2. Replace the global long-poison ×0.5 with **per-bench** poison
   weight: scale only MBPP-source long poison, keep HE-source poison
   at full 1.0 (preserves HE/27 etc).

Both are 5-line changes to bd6_8d trainer. ~25 min training + gate.

### BD6.8D-rank — increase LoRA capacity

If HE/85 cannot be fixed even at 4×, the issue may be insufficient
rank for a 366-char target. Try r=16, alpha=32 (4× param count).
~30-40 min training + gate.

### BD6.9 — accept BD6.5 as ceiling

If neither D2 nor rank-bump moves HE/85, accept that BD6.5 ceiling
of 15/19 is the *real* anchor ceiling for this organ at this
runtime+verifier configuration.
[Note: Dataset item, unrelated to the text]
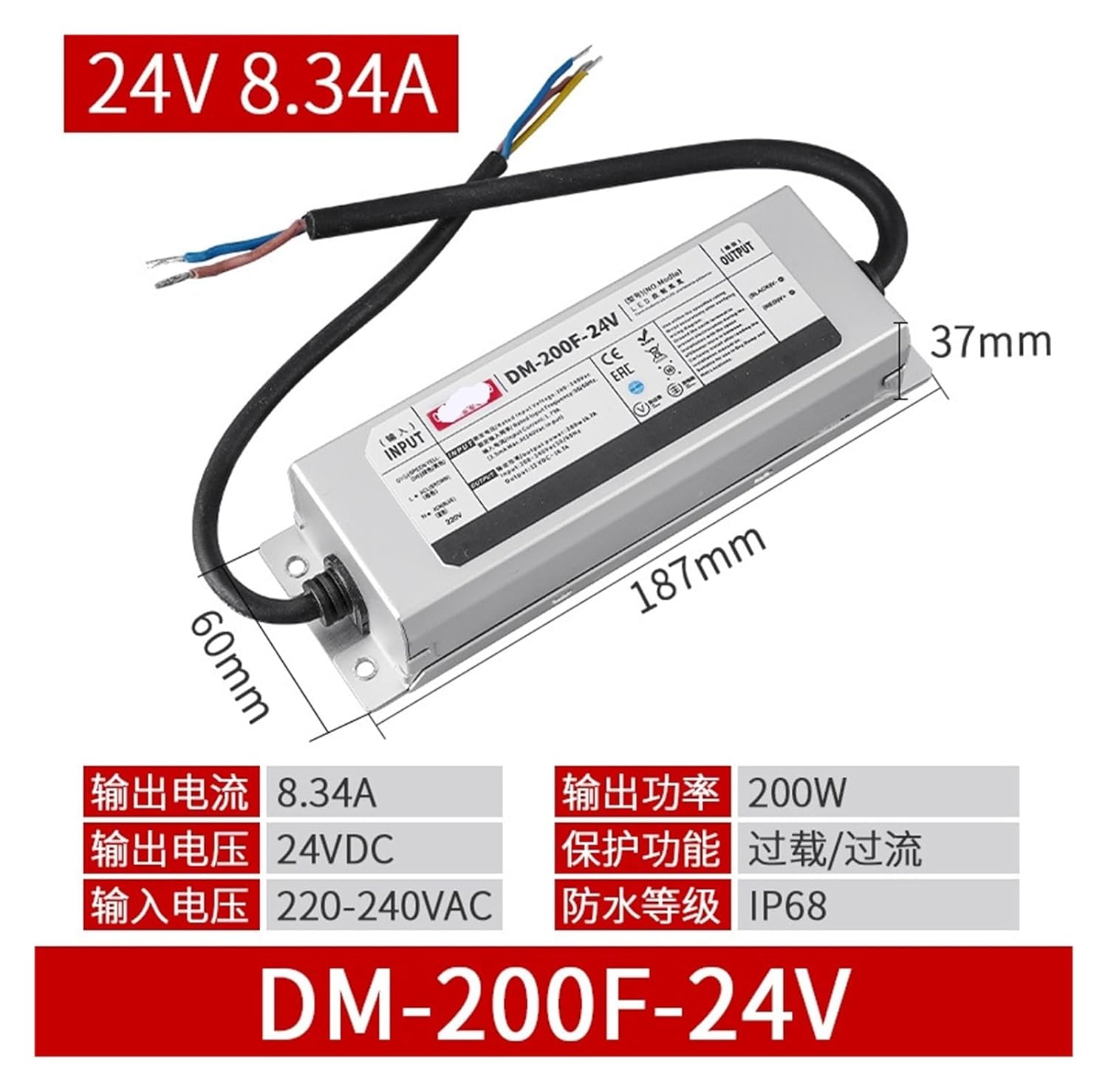 Low Voltage TransformersUnderwater power LED light box power supply 24V low voltage linear light with transformer 220 rpm DC switching power supply IP68 dustproof and waterproof

Promote BD6.5 to "tier-1 alternative"
behind a feature flag with explicit per-bench gating, never as
default production.

## Production state (after BD6.8D revert)

* `PHYS05_PACK = physarum05b_code_skeleton.planck` (BD6 pass-1).
* phys05_code_skeleton spec: rep=1.15, ng=2, cuda_rep=1.05 (unchanged).
* Anchor 19/19 verified post-revert.
* `physarum05b_code_skeleton_v8.planck` archived.
* `tools/surgery/output/code_skeleton_lora_v8/` archived (final + 5 mid-checkpoints @ 100, 200, 300, 400, 500).
* `tools/surgery/output/Physarum05B-CodeSkeleton-v8/` archived.
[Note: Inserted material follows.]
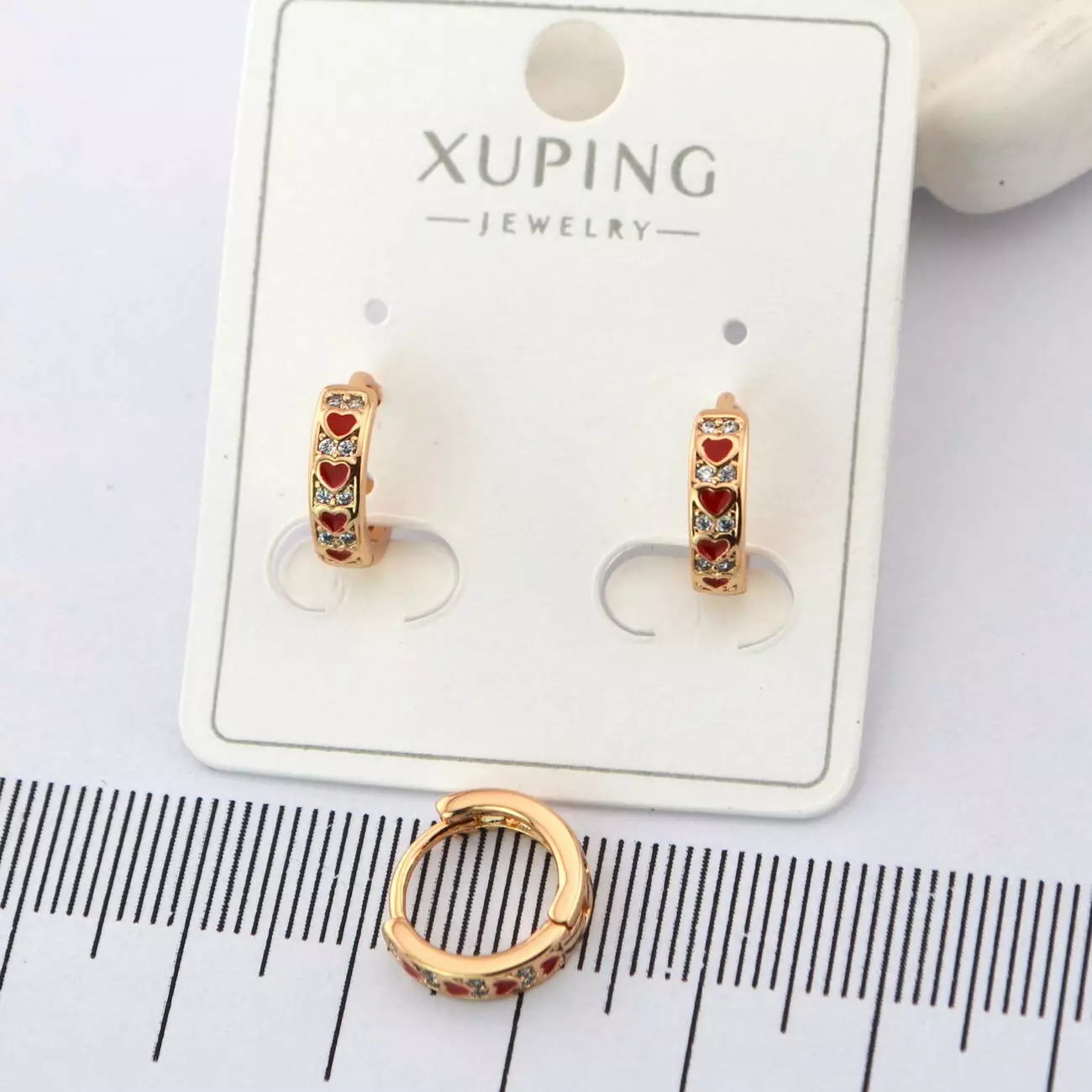 Сережки Xuping сердечки червоні з медичного золота позолота 18К

## Files this pass touched

* `tools/surgery/train_code_skeleton_lora_bd6_8d.py` — new, token-weighted CE trainer
* `physarum05b_code_skeleton_v8.planck` — repacked (rejected, archived)
* `tools/surgery/output/code_skeleton_lora_v8/` — adapter + 5 checkpoints (rejected)
* `tools/surgery/output/Physarum05B-CodeSkeleton-v8/` — merged HF dir (rejected)
* `src/organs/organ_manager.cpp::PHYS05_PACK` — flipped to v8 then back to v1
* `reports/BD6_8D_TOKEN_WEIGHTED_CE.md` — this file

The targeted lever works. Strict gate still rejects. The remaining
HE-side losses point at LoRA capacity, decoder fragility, and
asymmetric poison weighting — three different problems at the
boundary of what training-only surgery can do.